しかしそんな中、史上初めて試験に活用された。このテストは、ペンシルベニア大学ウォートン校ビジネススクールの教授が設定した MBAのコア科目である運用管理コースに関するものだった。
クリスチャン・ターウィッシュ教授は、「ChatGPT3は、試験でBからB-の評価を受けただろう」と論文に書き、フィナンシャルタイムズがこれを引用している。「これは、ビジネススクールの教育にとって重要な意味を持つ」。

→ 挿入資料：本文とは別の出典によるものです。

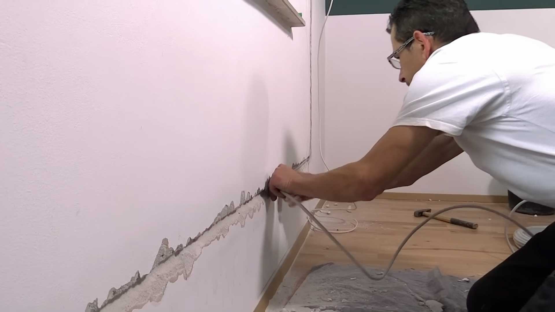 Stelle nun die Wandschlitze für die Kabelführung her und ziehe die Kabel vom Gerät ausgehend ein.
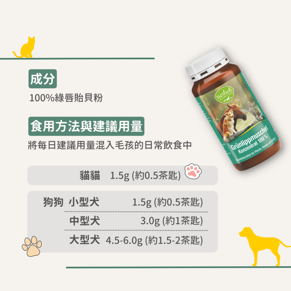 • 狗:小型犬種:1.5克(約0.5匙)

ターウィッシュ教授によると、「OpenAIのChatGPT3は、一般的に報酬の高い知識労働者、特にアナリスト、マネージャー、コンサルタントなどMBA卒業生が就く職種の、知識労働者のスキルの一部を自動化する驚くべき能力を示した」。
同教授は、ChatGPTは「ソフトウェアのコードを書く、法律文書を作成する」といった「専門的な作業」を行うことができると書いている。さらにターウィッシュ教授は「ケーススタディに基づくものを含む基本的な運用管理およびプロセス分析の質問において、驚くべき仕事をする」と結論づけもした。
ターウィッシュ教授は論文でさらに、「答えが正しいだけでなく、解説も素晴らしい」と述べている。
これは、教育者、そして自動化の時代に生きるすべての懸念と関心が集まる問題であろう。学者たちは、機械学習の支援技術が非常に高性能になったため、ChatGPTやGitHubのCopilot(CodexというOpenAIモデルをベースにしている)のような支援システムの台頭によって「教師は教え方や試験の採点方法を見直す必要があるのでは」と問題提起している。
ただし、数学に関しては限界があるようだ。ターウィッシュ教授は「簡潔さ、言葉の選択、構成など、言葉遣いの美しさにはただただ圧倒された。しかし、数学はとてもひどい」と語っている。
フィナンシャルタイムズはロンドンのImperial College Business Schoolの学部長Francisco Velosoの次の発言を引用している。
「われわれは真剣に議論しており、ワーキンググループで、ChatGPTのほか、優秀かつ創意に富む学生たちが使っている他の類似ツールを分析している。われわれはまもなく、これらの技術に関するポリシーを策定できると思う」。